Input records: Begin

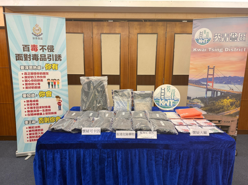 警方表示,經情報搜集及深入調查後,葵青警區特別職務隊於昨日(27日)上午在葵涌展開反毒品行動,並在一個位於葵涌區的公共屋邨單位外,截查一名可疑男子。警方在他手上攜帶的一個環保袋中搜出一磚疑似可卡因。該名男子隨即被警方以「販運危險藥物」罪拘捕。隊員隨即押解該名男子返回其住所進行搜查。隊員進入單位後,發現另一名女住戶,並在單位內其中一個房間的黑色背囊內,檢獲另外13磚疑似可卡因以及6包疑似大麻的毒品。警方隨即將其拘捕。
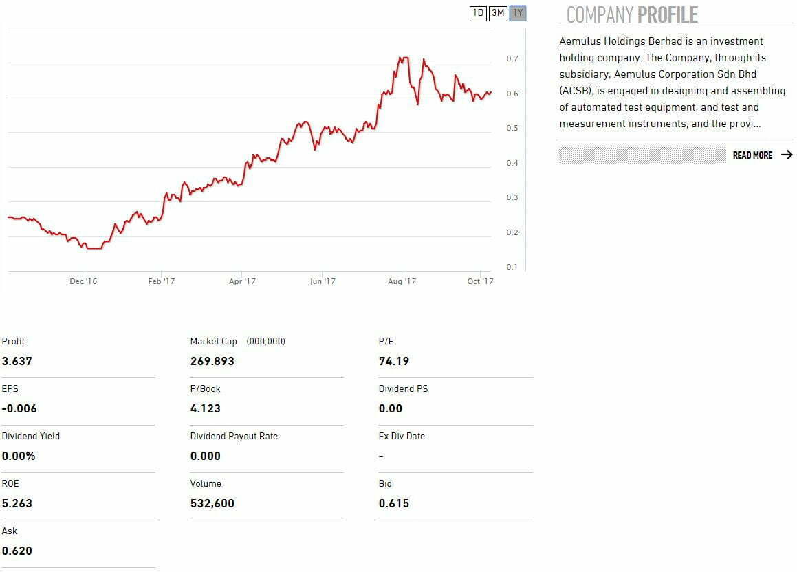 - Harga saham 9 Oktober 2017: RM0.62 seunit
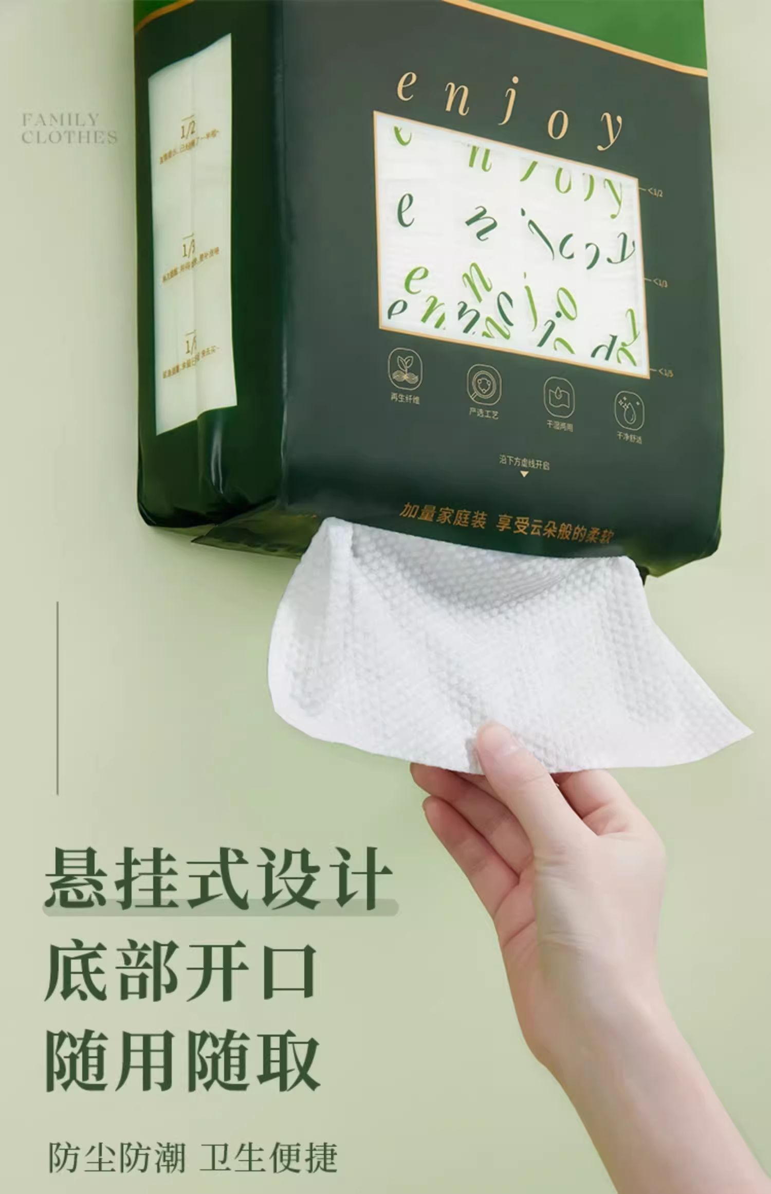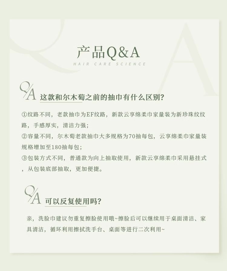 商品名称:尔木萄家庭装量贩装洗脸巾悬挂抽取式加大加厚一次性云享绵柔巾大容量
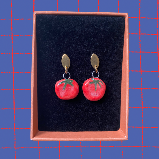 Handmade ceramic tomato earrings - whimsical food jewellery
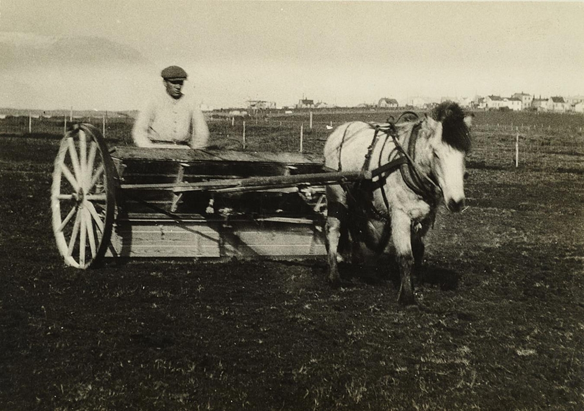 dreginn er af hesti og gengur karlmaður með derhúfu á eftir honum. Í baksýn
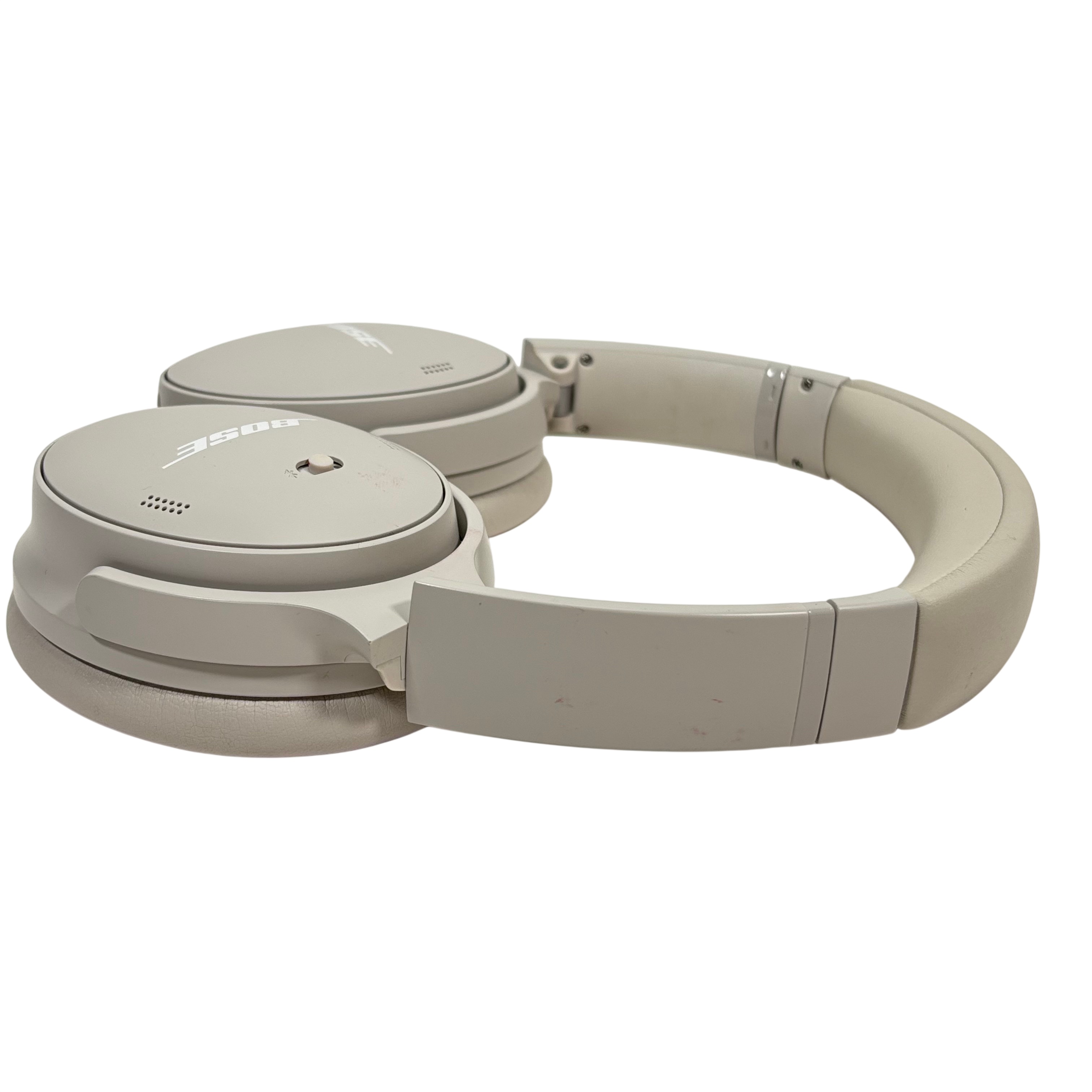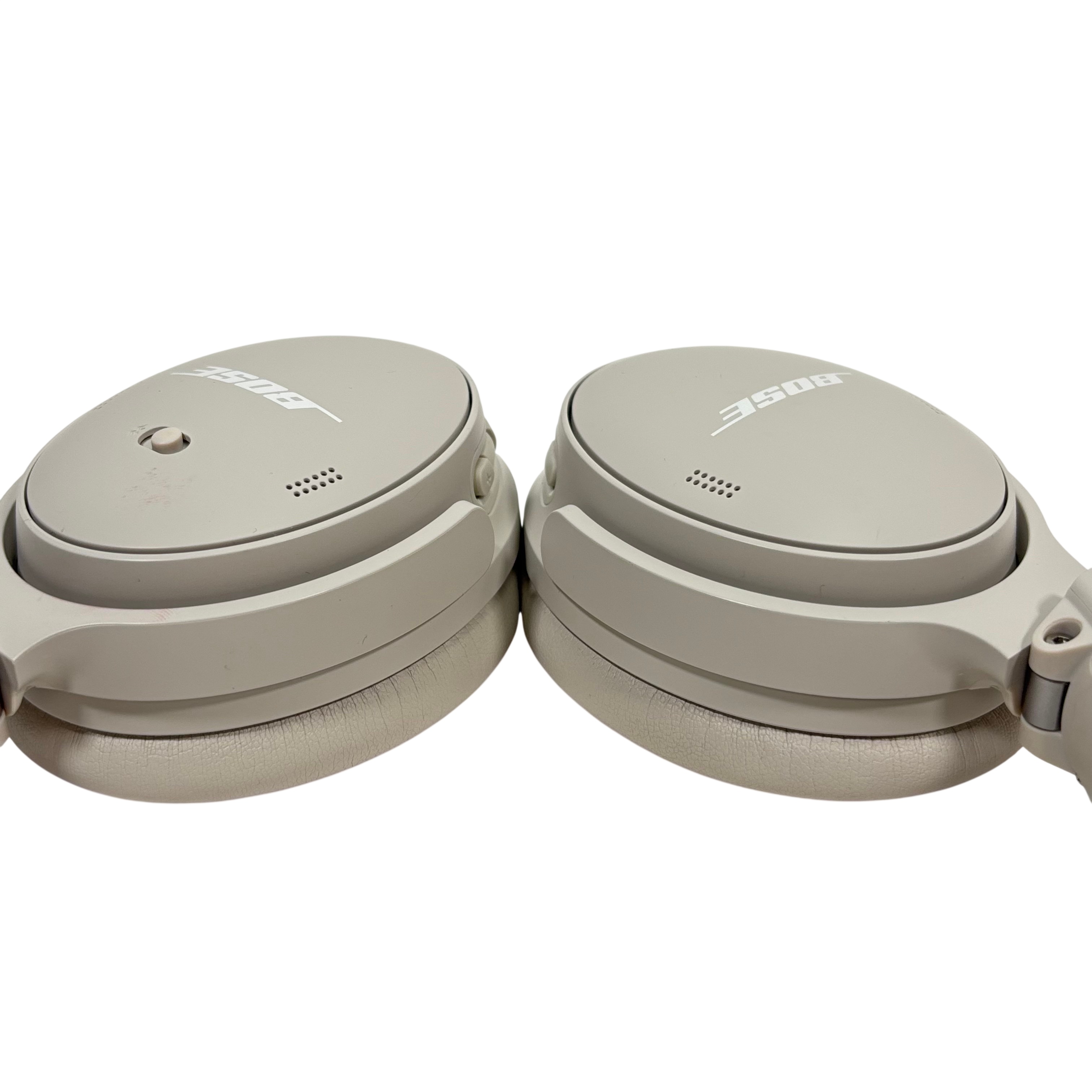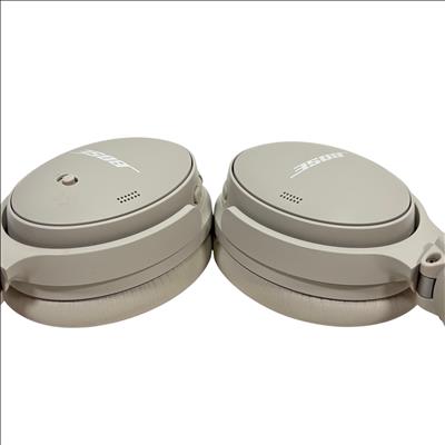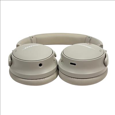 Bose QuietComfort Headphones offer premium over-ear wireless audio with active noise cancellation for immersive sound experiences. These light gray headphones feature Bluetooth connectivity and a rechargeable battery powered by a 5V 0.5A charger. Included is a protective carrying case for convenient storage and transport. Designed for comfort and high-quality sound, they are ideal for travel, work, or leisure listening.

Input records: End

* **Goal of the exercise**
Within these entries, output exactly the lines starting at the one with "- Harga saham 9 Oktober 2017: RM0.62 seunit" and finishing at the one with "dreginn er af". Leave pictures out of the output.

* **Task result**
 - Harga saham 9 Oktober 2017: RM0.62 seunit
 商品名称:尔木萄家庭装量贩装洗脸巾悬挂抽取式加大加厚一次性云享绵柔巾大容量
 Handmade ceramic tomato earrings - whimsical food jewellery
 dreginn er af hesti og gengur karlmaður með derhúfu á eftir honum. Í baksýn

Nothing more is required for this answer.